• TASK: The full listing is to be returned exactly as given, but without pictures.
***** GIVEN DATA
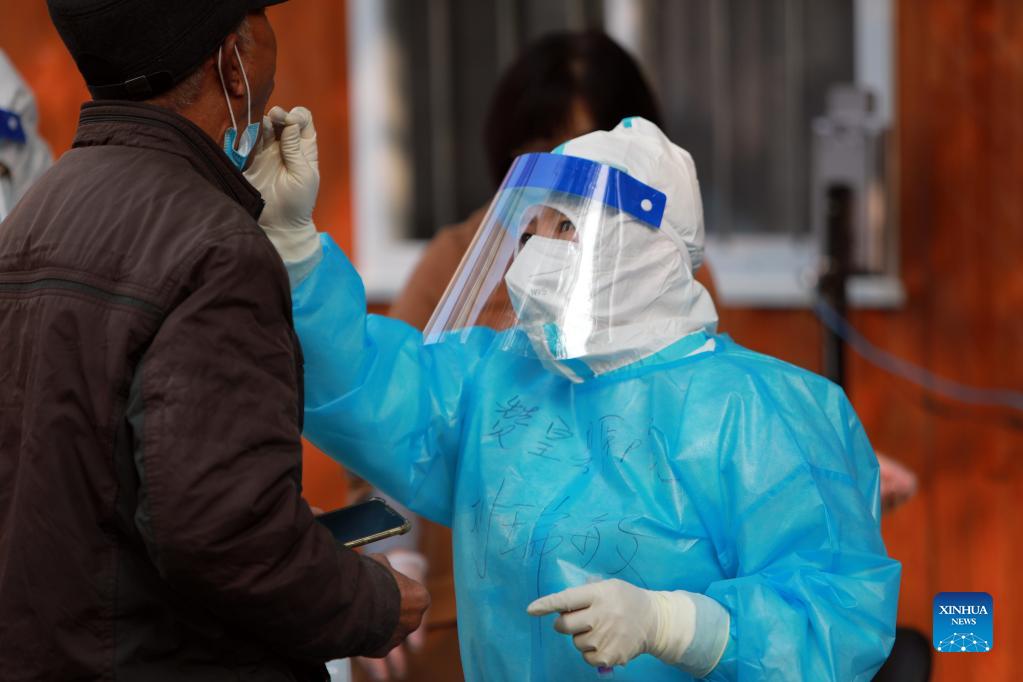 A medical worker takes a swab sample from a villager for COVID-19 nucleic acid test in Dongguan Village of Shenze County, Shijiazhuang, north China's Hebei Province, Nov. 2, 2021. Shijiazhuang has activated an emergency response mechanism, with temporary prevention and control measures put in place in regions such as Shenze County and Jinzhou City. Two locally transmitted COVID-19 cases were reported in Shijiazhuang between 4 p.m. Monday and 11 a.m. Tuesday. (Photo by Zhai Haijing/Xinhua)
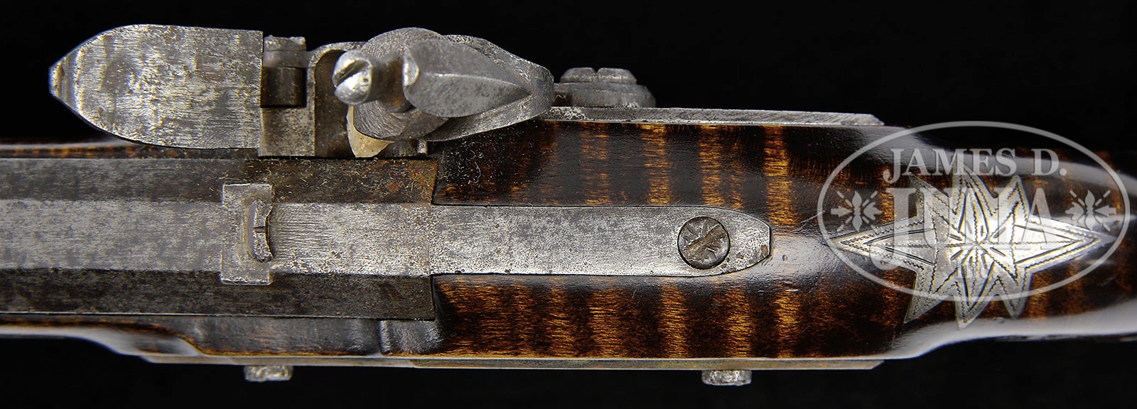 Please Note: We can not guarantee the period of origin. SOUTHERN FLINTLOCK CURLY MAPLE HIGHLY INLAID KENTUCKY PISTOL.SN NSN. 8-1/4″ full oct 41 Cal. unmarked rifled bbl. Nicely curled red finished maple stock with 9 silver inlays which include a bird on left side, a snake on right side an engraved 8 pointed star behind bbl tang and 3 crosses on left side of grip. Cap box in butt. Large full brass sideplate is not engraved. This pistol appears to be of southern manufacture, perhaps Tennessee. PROVENANCE: Frank Sujansky Collection. CONDITION: Fine. Two silver tacks appear to be missing, one for the eye of snake and one for eye of a fish inlay near muzzle. 4-49471 RG33 (4,000-8,000) – Lot 2384
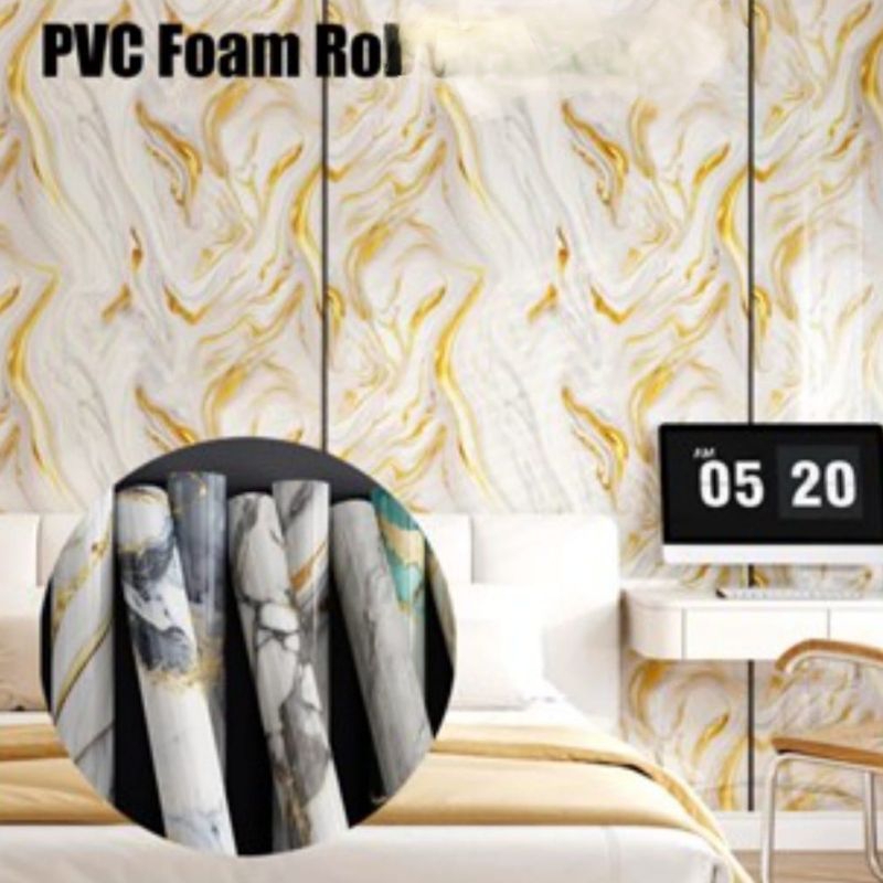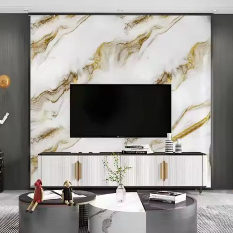 Wallpaper Sticker Dinding Vinyl Pvc Marmer Glossy Mewah Elegant Kekinian Ukuran 120 cm x 280 cm Tebal 2, 5 ml
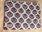 Our beautifully hand crafted laptop pouches are lightly quilted using Indian block print fabric and come in a range of gorgeous colour ways. They are waterproof lined and machine washable
**********
• SOLUTION:
 A medical worker takes a swab sample from a villager for COVID-19 nucleic acid test in Dongguan Village of Shenze County, Shijiazhuang, north China's Hebei Province, Nov. 2, 2021. Shijiazhuang has activated an emergency response mechanism, with temporary prevention and control measures put in place in regions such as Shenze County and Jinzhou City. Two locally transmitted COVID-19 cases were reported in Shijiazhuang between 4 p.m. Monday and 11 a.m. Tuesday. (Photo by Zhai Haijing/Xinhua)
 Please Note: We can not guarantee the period of origin. SOUTHERN FLINTLOCK CURLY MAPLE HIGHLY INLAID KENTUCKY PISTOL.SN NSN. 8-1/4″ full oct 41 Cal. unmarked rifled bbl. Nicely curled red finished maple stock with 9 silver inlays which include a bird on left side, a snake on right side an engraved 8 pointed star behind bbl tang and 3 crosses on left side of grip. Cap box in butt. Large full brass sideplate is not engraved. This pistol appears to be of southern manufacture, perhaps Tennessee. PROVENANCE: Frank Sujansky Collection. CONDITION: Fine. Two silver tacks appear to be missing, one for the eye of snake and one for eye of a fish inlay near muzzle. 4-49471 RG33 (4,000-8,000) – Lot 2384
 Wallpaper Sticker Dinding Vinyl Pvc Marmer Glossy Mewah Elegant Kekinian Ukuran 120 cm x 280 cm Tebal 2, 5 ml
 Our beautifully hand crafted laptop pouches are lightly quilted using Indian block print fabric and come in a range of gorgeous colour ways. They are waterproof lined and machine washable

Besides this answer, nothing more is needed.